La sélection clonale du chasselas a débuté en 1923 à la Station d’essais de Lausanne afin de repérer des clones exempts de viroses graves et régulièrement productifs. Une quarantaine de clones ont fait l’objet d’observations systématiques pendant une dizaine d’années, à partir desquelles trois clones ont pu être sélectionnés. L’un d’entre eux, le clone de chasselas fendant roux, a été particulièrement multiplié et diffusé dans le vignoble romand à partir des années 1950. Intéressant de déguster aujourd’hui l’expression du fendant roux classique de Rivaz. Il se laisse légèrement dorer au soleil, le dégustateur remarque surtout sa vivacité et son ample structure acide, alors que dans sa version bois rouge, on remarque plus de souplesse et un corps bien établi. Mais la véritable complexité, le côté soyeux du vin, s’exprime totalement avec le Petit Clos de Laura Paccot. Une parcelle de vieilles vignes de 70 ans, où elle mélange quatre clones. La vigneronne explique travailler particulièrement sur la texture en bouche.

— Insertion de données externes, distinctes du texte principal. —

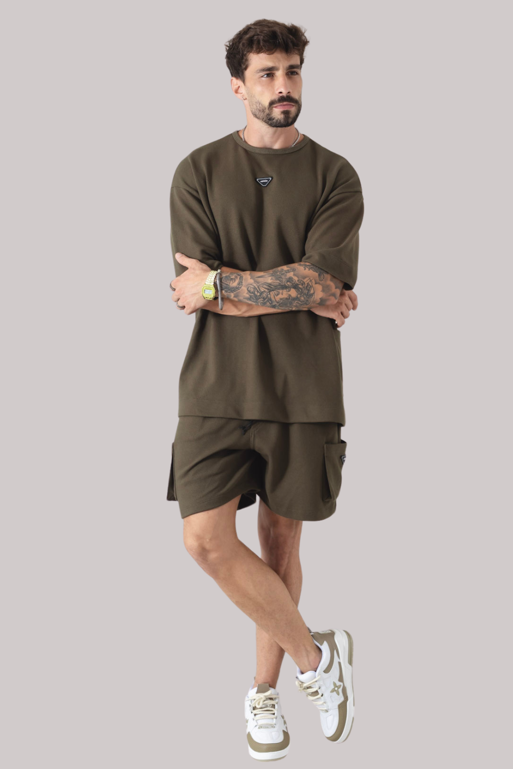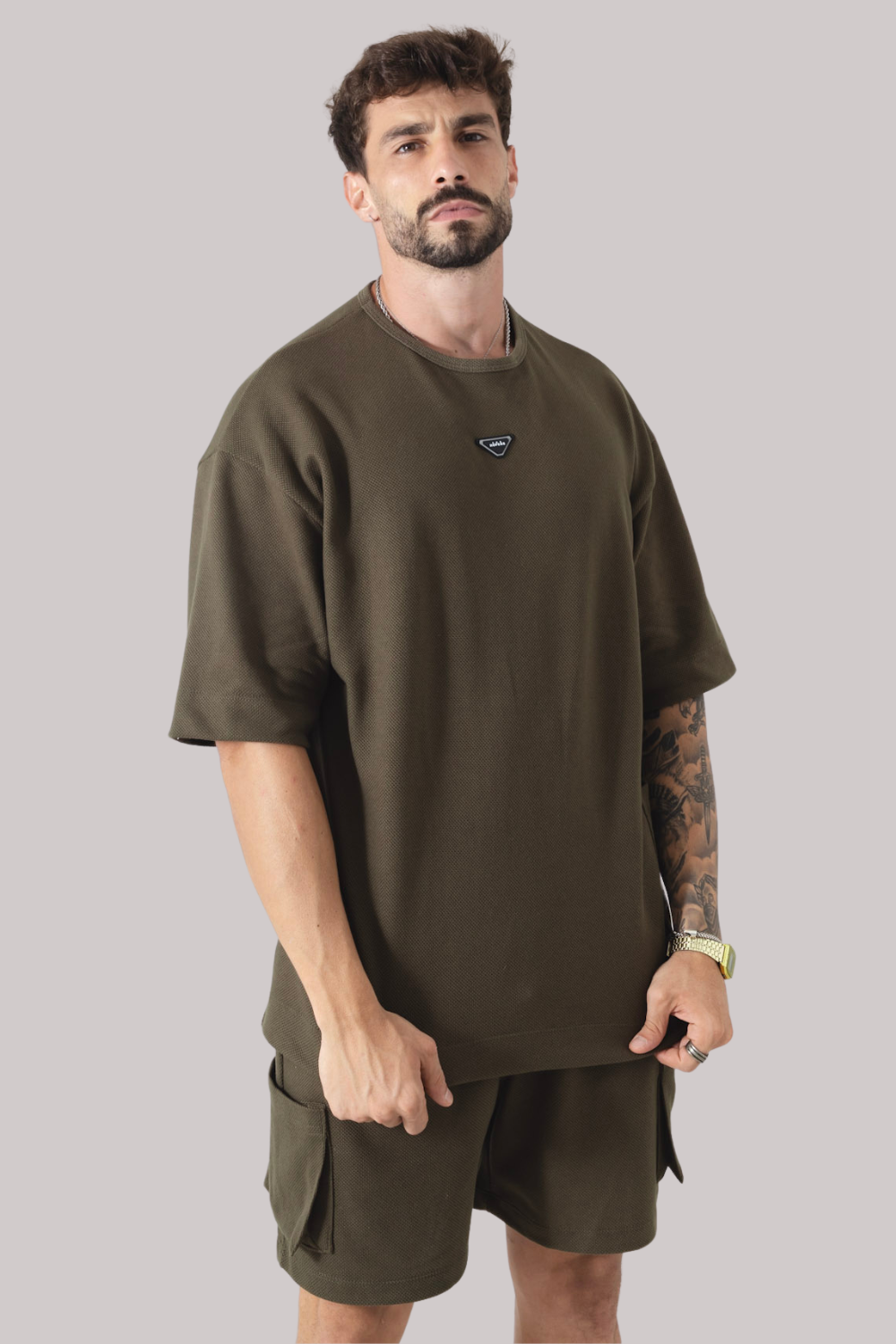 Características: Camiseta oversized, gola redonda, camiseta com aplique em borracha no formato triangular com a escrita "HOPERS" em cinza, com um bolso lateral, e tecido com um ótimo caimento.

José Vouillamoz, généticien de la vigne
«Nous privilégions les micros-vinifications, nous séparons au pressurage 200 litres, on travaille le jus par gravité et le débourbage statique. Cela donne des jus très troubles, je crains les réductions. Nous optons pour une macération malolactique sur tous les vins et vendangeons en grappes entières», explique Laura Paccot.
Le domaine Paccot ne veut pas rester «prisonnier de son histoire». Il ne craint pas d’arracher des vignes quand il le faut et, en réaction au réchauffement climatique, se tourne de plus en plus vers la complantation, le mélange des cépages, n’hésitant pas à mélanger pinot gris, doral et chasselas sur une même parcelle et à envisager des assemblages. Et ce à l’inverse de tenants de la tradition comme Bovard, même si ces deux domaines collaborent étroitement dans le cadre du Conservatoire.
(Alexandre Caldara)
Pour une minéralité profonde, une vérité du terroir sur des sols argileux, on se tournera vers le Calamin 2023 de Blaise Duboux. Pour un vin hyper expressif, de superbes arômes de poire et de litchi , le Clos de Manglod 2022 Vieilles vignes du Domaine Cornulus en Valais offre une noble amertume finale. Le chasselas retrouve sa grâce sous toutes ses formes, dixit José Vouillamoz, qui salue «le retour des consommateurs vers des vins plus élégants et digestes».